Collecting & Returning Work

How do you collect & return papers? (Including late assignments)


4 Responses to Collecting & Returning Work

  1. I Speak Math says:

    It’s a madhouse. I either have them pass them up or just swoop around the room. I do assign each student a math number at the beginning of the year so abc order is thoughtless. That makes sorting/recording a breeze.

  2. samjshah says:

    I collect papers by walking around and taking them. On test days, I always used to have issues wrestling papers out of student hands. Who knew that after a “Please finish up you have one minute left” a simple “I need your pencils down on the count of three…. One. Two. Three” works like magic. Then you just collect.

    I return papers by walking around and handing them out. I have small classes. I would probably organize my papers by the way the seating chart was, and return them, if I had bigger classes.

    When kids are absent when I hand back a test, I will staple a piece of scrap paper to the front of the test and folding the test in half hotdog style (so no one can sneak a look without picking it up), write their name on the scrap paper in a bold marker, and put it in a file folder that I have taped to the office door, for them to pick up. If I had a dedicated classroom, I would put the file folder there. Then I send a quick email to whoever was missing telling them that their test was graded and where to pick it up. Then it is on them. I’m not chasing them around, nor having to remember to return it to them during the next class.

  3. Tina C says:

    I have two folders for each class. One hand in, and one hand back. The folders are in magazine stands on the supply table. When students have an assignment to hand in I have them all pass the papers to the left and the last person walks over to put them in the folder. For quizzes that they correct at 3 stations around the room they leave the quiz at the station and I collect the 3 piles at the end. Students also know that if they need to hand something else in (make up work, corrections) they can just put it in the correct folder.

    I once heard that teachers should aim to touch each piece of paper as few times as possible. I don’t have to worry about getting to everyone and students can’t blame me for losing something- it’s their responsibility to make sure it’s in the folder.

    I’m not as good about handing things back. I like to do it while students are working on something since it gets me moving throughout the room and I’m much less likely to get stuck talking to a particular pair when I know I need to hand back a pile of papers. However, I get distracted and forget to pick up the folder. This year I will encourage students to remind me to pass work back. Students who finish an assignment early are given a choice between helping other students or doing some task for me like handing back papers. Too bad I usually plan assignments that take the whole class!
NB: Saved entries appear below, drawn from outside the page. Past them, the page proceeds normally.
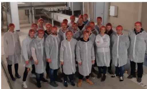
Links: Weitere Exkursion des 1. LG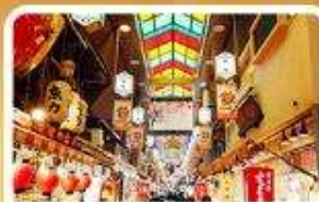
ตลาดปลานิชิกิ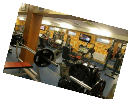
Edzőtermek, bowling pályák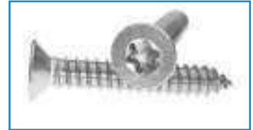
Vis tole tête fraisée empreinte Torx TF TX ref 28112 Inox A2, A4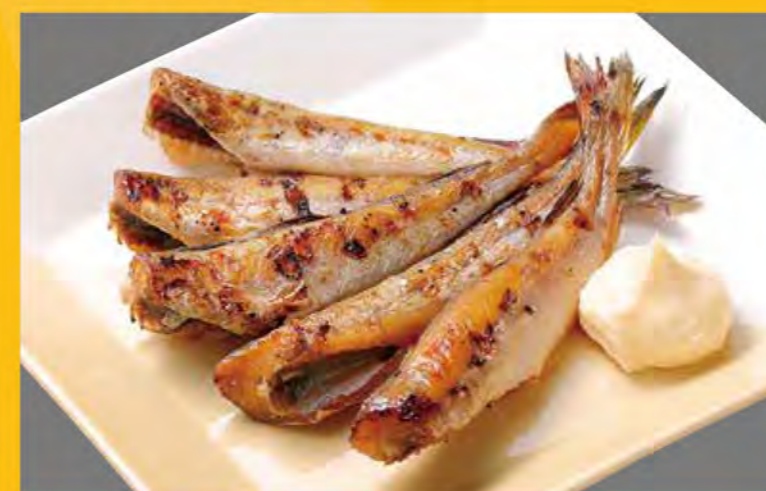
かんがい一夜干し 558円 (税込603円)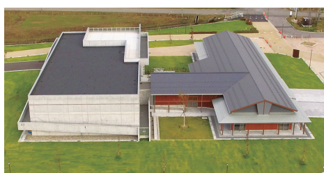
▲のと里山里海ミュージアム ▲能登歴史公園センター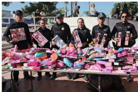
■ Policías de la Comisaría de Zapopan entregaron también muñecas a las niñas asistentes.

"Está muy bien que se hagan esta clase de eventos, nuestros niños se divierten con las obras de teatro y se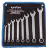
SET 8 PCS LLAVES COMBINADAS DE 8 A 22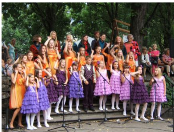
Drie leeftijdsgroepen van een jeugdensemble dat optreedt in een park in Riga.

Uit de USSR tijd zijn niet alleen negatieve zaken te melden. Destijds werd in elk dorp en elke stad een 'Cultuurhuis' neergezet, waar ruimte was voor koorzang, theater, dans, etc. Deze mogelijkheden-naast-de-deur hebben zeker ook bijgedragen aan een goede en vanzelfsprekende koorcultuur.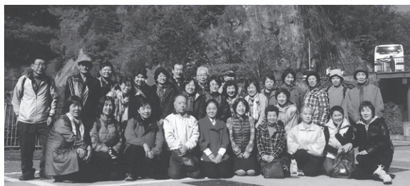
参加者で記念撮影

「おおくま町会津会！田子倉ダム遊覧船・柳津虚空蔵尊日帰り研修」を11月6日に開催し、秋晴れの中32名が参加しました。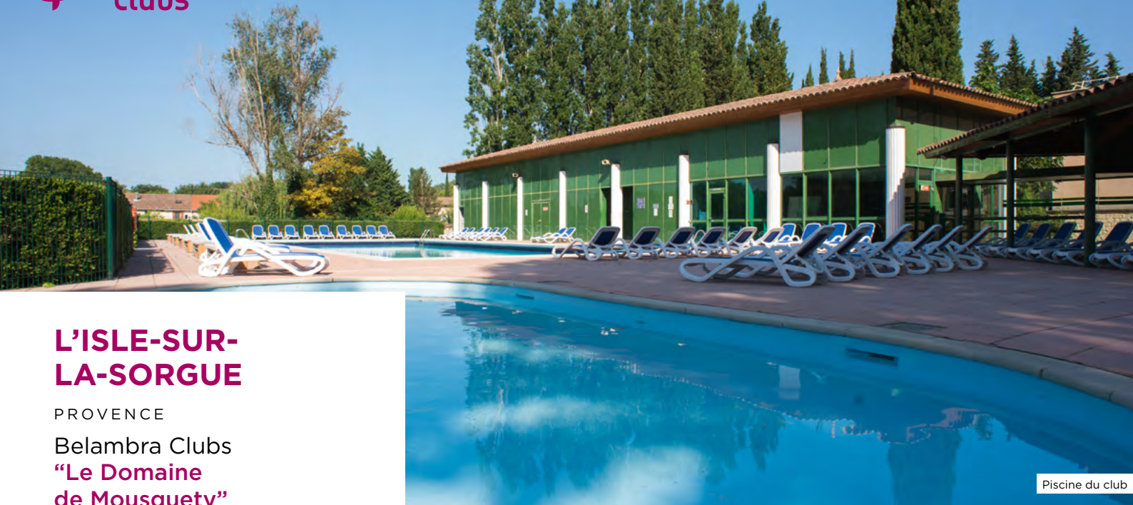
Piscine du club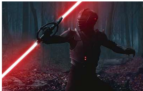
Ahsoka a generálka Hera Syndulla cestují do loděnic Nové republiky, kde učiní nečekaný objev. A ten objev souvisí s tímhle pánem.

řádu Jedi vedoucí armádu republiky proti nové Separatistické armádě droidů. Rozdíl mezi animovanou sérií, která pod hlavičkou Hvězdných válek rovněž vznikla, je využití 3D animace. Jako první díl seriálu, takzvaný pilot, posloužil stejnojmenný animovaný snímek, který se v tuzemsku dočkal v roce 2008 premiéry v kinech.

  4. I use a folder system, one folder for each group. There is a group organizer who picks up the folder from the magazine stand that holds the folders for each class. The organizer collects their group’s homework, puts it in order (students are assigned a number, based on the seating chart), and places it into the left side of the folder. The graded homework from the previous day is on the right side of the folder and the organizer passes it out to their group members. All of the folders for a given class (usually 4 – 6 folders since I use groups of 4) are the same color. It’s awesome because there’s no chance for me to lose homework – it never leaves the group folder, just moves from one side to the other. And the responsibility is on them to pick up and return homework. I have the gradebook organized by numerical order so entering homework grades is also a snap. If a kid is absent, the organizer puts their name on any blank handouts and puts them in the folder to give to the student when they return so the folder also helps me organize work for absent students.

    Students put their number on tests and quizzes so that I can quickly sort, enter grades, and pass them out quickly since the numbers are arranged by group.